Required action: In the entries below, begin at the line that has "Lettere di congratulazione" and stop after the line that has "JDRφ50タイプ あす楽対応 BH-0711N-WH-WW"; output those lines exactly, leaving out pictures.

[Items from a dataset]
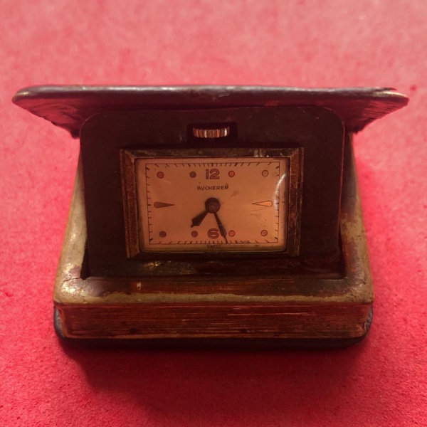• Relógio book of hours - livro de hora relógio em forma de livro - marca Bucherer Swiss revisado antiguidade -- difícil de aparecer
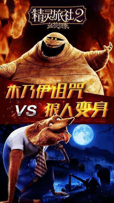 它改编自 3D 动画电影《精灵旅社 2》。在游戏里,玩家要操控主角攻克难关,完成各关卡任务。精灵旅社重新开业,玩家可同时操控多个角色作战,精灵间的混战一触即发。游戏剧情与电影同步,近百个关卡挑战不断,玩家能收集吸血鬼、弗兰肯、狼人等各类精灵鬼怪,培养出最佳魔幻阵容。独特的划线战斗操作,全屏感应极限微操,能让玩家与德古拉一同踏上奇幻之旅。
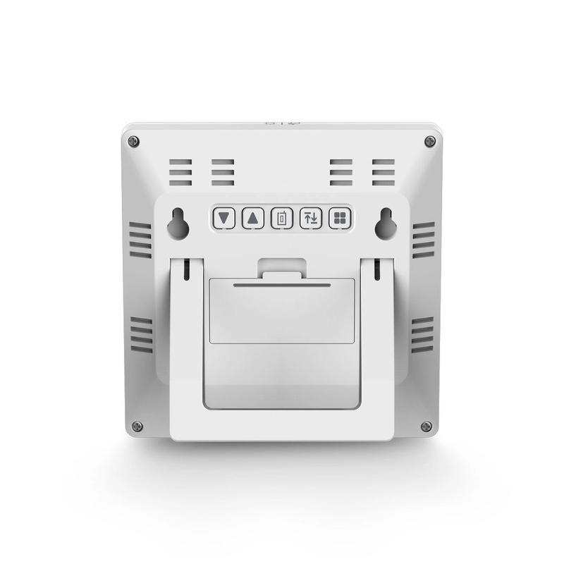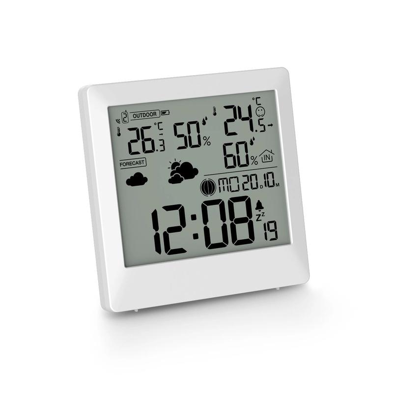 - Tydelig digital skjerm som viser temperatur, luftfuktighet, værmelding og månefaser
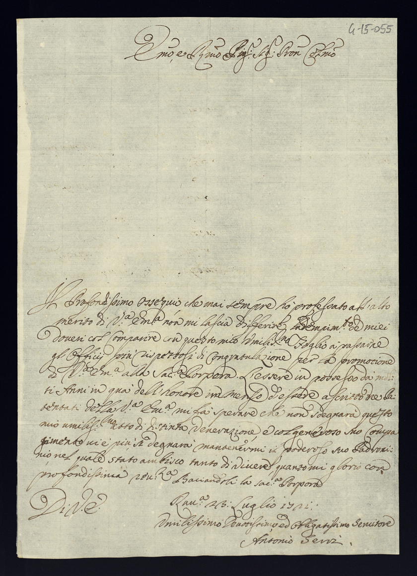 Lettere di congratulazione per l'esaltazione alla Porpora dell'eminentissimo cardinale Alessandro Albani
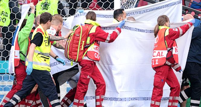 Pod koniec pierwszej połowy meczu Dania–Finlandia Christian Eriksen, jeden z najbardziej znanych duńskich piłkarzy, nagle upadł na murawę. Był reanimowany. Po kilkudziesięciu minutach przyszły pierwsze nieoficjalne informacje, że zawodnik odzyskał przytomność.
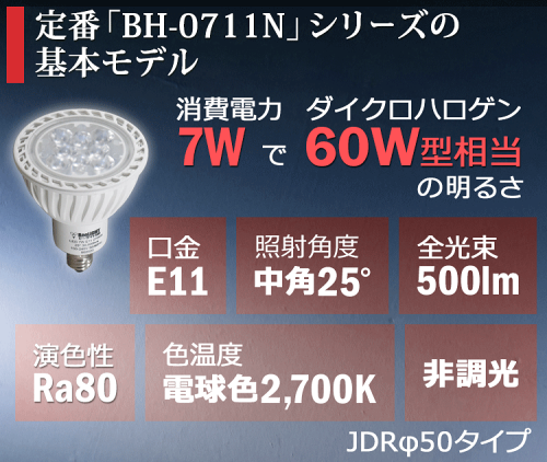 【2年保証】 LED電球 E11 非調光 電球色2700K 500lm 7W(ダイクロハロゲン60W相当) 中角25° JDRφ50タイプ あす楽対応 BH-0711N-WH-WW
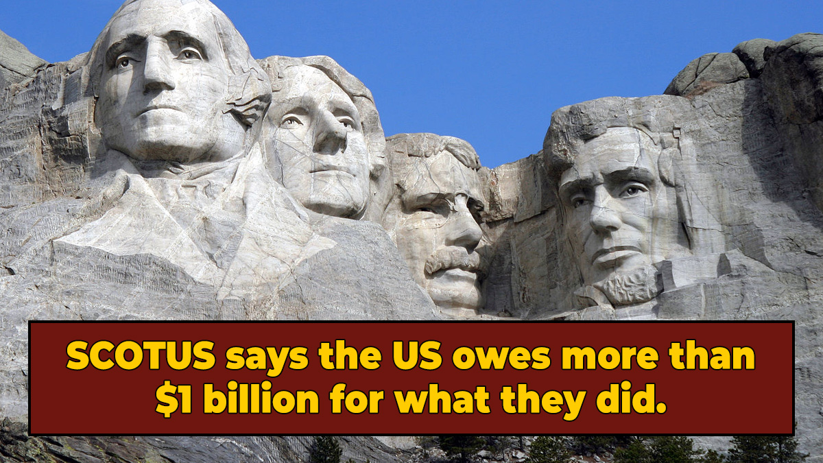 So, is this just one more land grab of many, settled ancient history? Not really. True to their name, the Sioux decided to sue, and they made it all the way to the Supreme Court in 1980. Against all expectations of how these sorts of things go, the court ruled in the tribe's favor. Yes, the U.S. had taken Mount Rushmore's land illegally. And so, they now owed the Sioux $100 million.

Output of the exercise:
 Lettere di congratulazione per l'esaltazione alla Porpora dell'eminentissimo cardinale Alessandro Albani
 Pod koniec pierwszej połowy meczu Dania–Finlandia Christian Eriksen, jeden z najbardziej znanych duńskich piłkarzy, nagle upadł na murawę. Był reanimowany. Po kilkudziesięciu minutach przyszły pierwsze nieoficjalne informacje, że zawodnik odzyskał przytomność.
 【2年保証】 LED電球 E11 非調光 電球色2700K 500lm 7W(ダイクロハロゲン60W相当) 中角25° JDRφ50タイプ あす楽対応 BH-0711N-WH-WW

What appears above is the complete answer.